Takeaways

Longer maritime voyages can mean more fuel, more crew time and missed contractual delivery windows as chokepoints become chokeholds.
In fast‑moving conflicts, war‑risk cover can become more expensive or may be cancelled on short notice depending on the wording.
Sanctions clauses in insurance are highly fact‑ and wording‑dependent, and they can affect not only whether a claim is payable, but how and when it can be paid.

Modern supply chains are engineered for efficiency—until the map changes. The current conflict involving Iran and the wider Middle East is a real‑time reminder that a single regional shock can cascade through shipping schedules, commodity pricing, aviation routes and contract performance.

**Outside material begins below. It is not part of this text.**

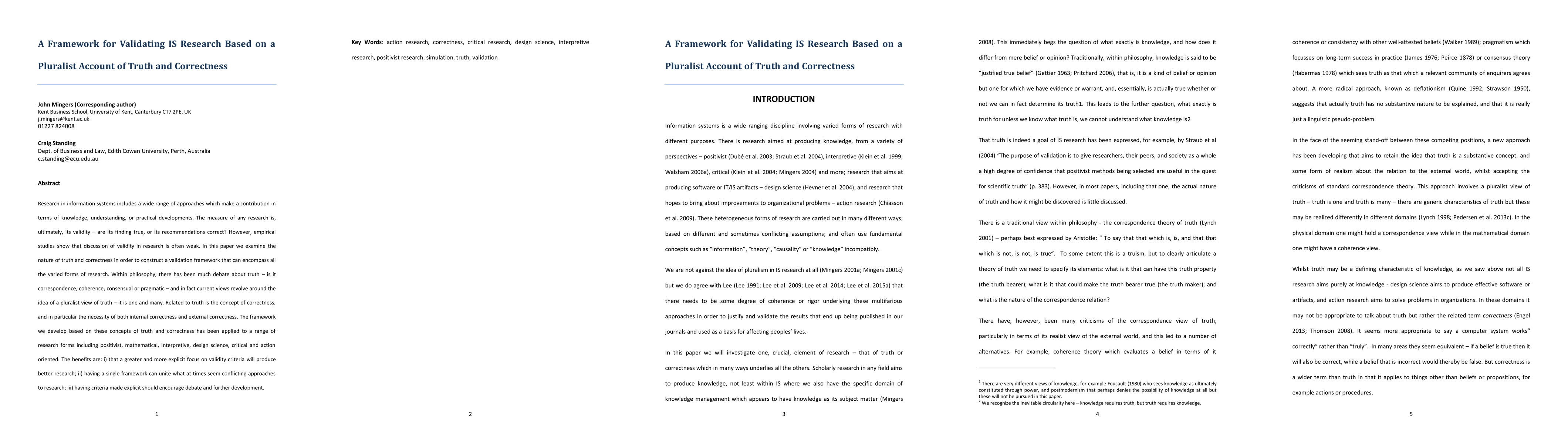 Research in information systems includes a wide range of approaches which make a contribution in terms of knowledge, understanding, or practical developments. The measure of any research is, ultimately, its validity: are its finding true, or its recommendations correct? However, empirical studies show that discussion of validity in research is often weak. In this paper we examine the nature of truth and correctness in order to construct a validation framework that can encompass all the varied forms of research. Within philosophy, there has been much debate about truth, is it correspondence, coherence, consensual or pragmatic, and in fact current views revolve around the idea of a pluralist view of truth: it is one and many. Related to truth is the concept of correctness, and in particular the necessity of both internal correctness and external correctness. The framework we develop based on these concepts of truth and correctness has been applied to a range of research forms including positivist, mathematical, interpretive, design science, critical and action oriented. The benefits are: i) that a greater and more explicit focus on validity criteria will produce better research; ii) having a single framework can unite what at times seem conflicting approaches to research; iii) having criteria made explicit should encourage debate and further development.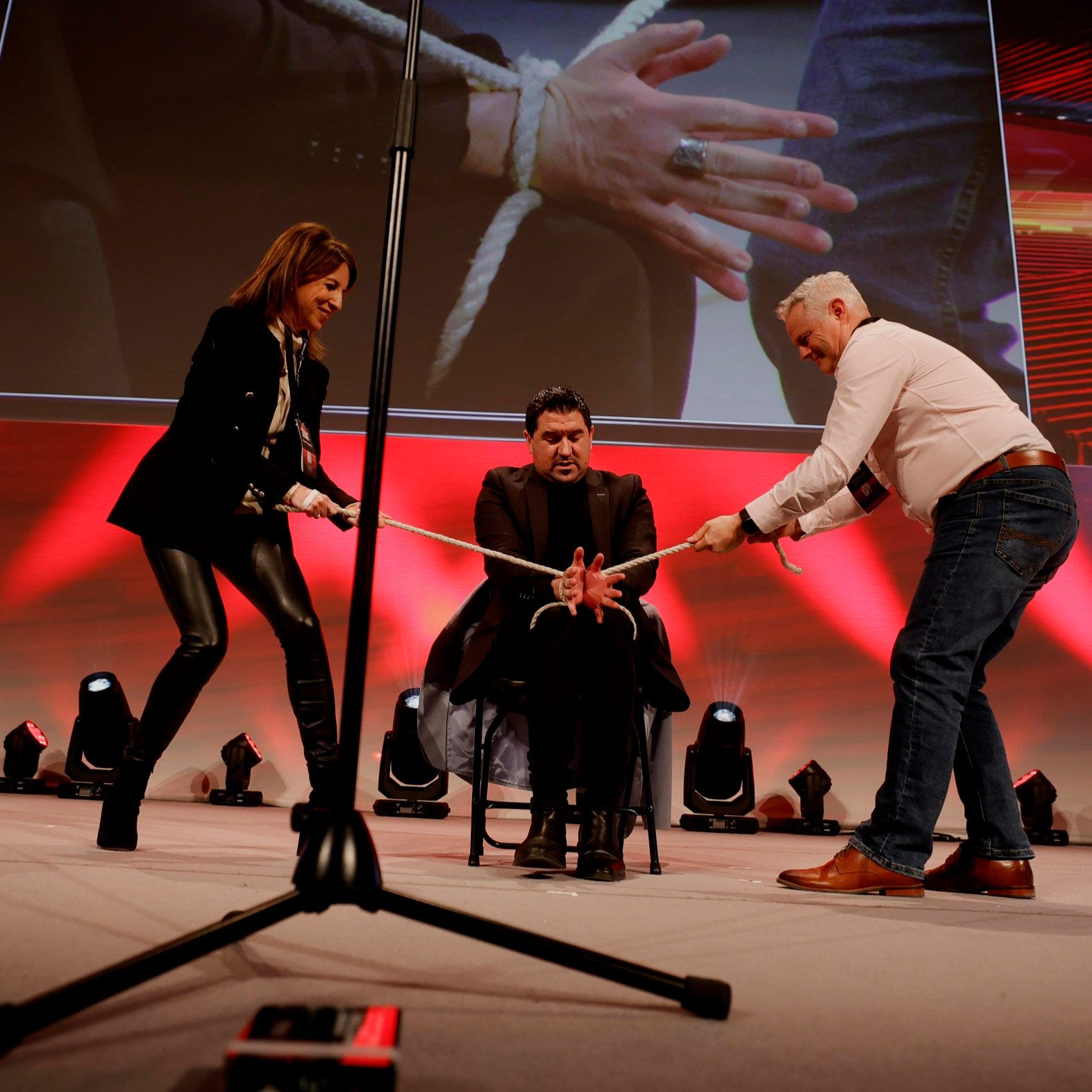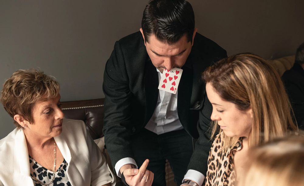 Ofreciendo tanto emocionante magia de cerca como espectáculos de escenario, nuestro ilusionista puede adaptar su actuación para satisfacer las necesidades de tu evento, ya sea una fiesta privada íntima, un evento corporativo a gran escala o un gran truco de espectáculo de escenario.

The Strait of Hormuz is a prime example: The U.S. Energy Information Administration (EIA) reports that in 2024 oil flows through Hormuz averaged about 20 million barrels per day—roughly 20% of global petroleum liquids consumption—and that around one-fifth of global liquefied natural gas trade also transit the strait, primarily from Qatar. EIA also emphasizes that “very few alternative options exist” if the strait is closed; while pipeline bypasses exist, EIA estimates that only ~2.6 million barrels/day of Saudi/UAE pipeline capacity could be available to bypass Hormuz during a disruption—leaving a large share still exposed.

In late February and early March 2026, multiple market reports and shipping advisories described a sharp deterioration in maritime operating conditions in and around Hormuz—including congestion, vessels seeking refuge and elevated targeting risk. Seatrade Maritime reported that over 750 commercial vessels were inside the Strait of Hormuz at the time of publication and quoted industry assessments that ships were likely to avoid the immediate conflict area until conditions stabilized.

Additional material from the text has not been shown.